Альфа Волк
— Я… я просто попыталась. Потому что я не умею. В прошлый раз, ничего непонятно было. Мне. Я просто попробовала. Я…
Я должен расслабиться, впервые за неделю, как только она тихий, влажный стон вымучивает от моих порывов, и когда робость ее языка ослабевает, но я только напряжением разрастаюсь; и это проклятое здание, что сожрало-вытянуло всю жизнь из скалы, слишком малым, слишком тесным для меня оказывается.
Для нас.
Для нас двоих, с ней.
— Я научилась уже, мне кажется, — задушено перебивает она мои поцелуи, — не идеально, конечно, но не так ужасно, как в прошлый раз. Не совсем понятно, честно…
— Нет, — отрезаю я и лицо к себе поворачиваю.
— Нет? — не получается у изобретательницы скрыть разочарование и обиду.
— Нет, — с жаром откликаюсь, — этому очень долго учиться надо. Всегда, на самом деле. Всю жизнь. Я тебя научу.
В какой-то момент она начинает хаотично поглаживать мои руки, и я тут же ладонью по обнаженной коже ее спины ползу, под блузкой. Млидонье, это механизм впаянный куда-то мне. Я свободно прикасаюсь к ней, вот только когда она чуть расслабляется и мною интересуется. Такого… быть не должно. Я должен сам решать, как ее трогать.
— Я пойду, — она отстраняется с таким усердием, что поглаживаю щеку ее успокаивающе.
— Куда?
— Работать? — смотрит на меня немного насмешливо.
Как приятно, на триста шестьдесят шестом году жизни, заимев прозвище «Мясник» и прослыв грозой всего Ашшура, ощущать себя… посмешищем.
— С таким запахом? — в волосы ей выдыхаю, и к уху губами спускаюсь. — Мне снится запах твой.
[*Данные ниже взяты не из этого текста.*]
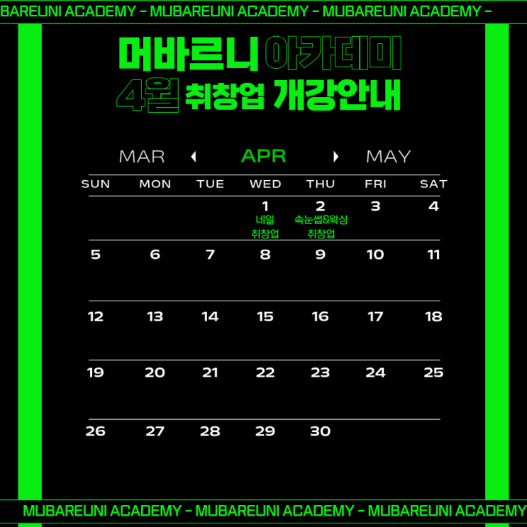 머바르니뷰티아카데미 4월 개강 안내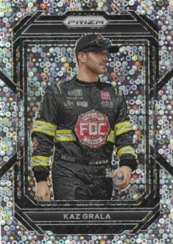The Kaz Grala 2023 Prizm NASCAR #30 Disco /75 card is 1 of 32 Kaz Grala's card variations in the 2023 Prizm NASCAR set being tracked by Sports Card Investor, including Base, Hyper Blue & Carolina Blue, Hyper Purple & Yellow, Reactive Orange, and Red.

Сплю я мало, потому что на яву… здесь, в здании, дотягиваются остатки запаха твоего.
— Я не могу контролировать это, — почему-то расстраивается она, видимо, от смущения.
— А не надо контролировать. Я тоже возбуждаюсь. — Она звук издает невнятный. — Точнее, просто не исчезает возбуждение, как тебя увидел тогда в зале.
— Это… ужасно. Всем все понятно.
— Вот именно, всем понятно, что я — твой Альфа. Поверь, всем непонятно, почему мы несвязанные и почему моего запаха на тебе так мало. Сегодня больше останется, — шепчу ей в полураскрытые губы, и нападаю на нежный рот снова. Какая податливая она сразу, вот как и должно быть.
Мне никогда не выбраться из реальности этой новой. Я даже поцелуй прервать не могу.
Но она может.
Так это устроено, и словно на железный прут мои плечи нанизывают, и я отстраняюсь чуть, когда Яна прерывает поцелуй и волосы поправляет. Смешно ведь, куда ей их поправлять, они до этого чуть ли не в разные стороны торчали.
Я мог бы тщательно… каждым вечером, перед сном, их ей расчесывать. У нее их просто слишком много.
И впервые, будто я от изобретательницы нахватался, меня стыдом пронизывает. Представляю тут глупость всякую.
Яна вопросительно на меня смотрит. Видимо, чтобы отошел с дороги.
— Вот как. Иди тогда, — ровнее голоса не сыскать.
Она будто бы мгновение-другое нерешительно мечется, но потом пулей вылетает из подсобки.
Млидонье, лоб себе растираю и со свистом выкачиваю ярость из легких, ну я же просил!
Вот хоть раз прибежала бы так охотно, как убегает.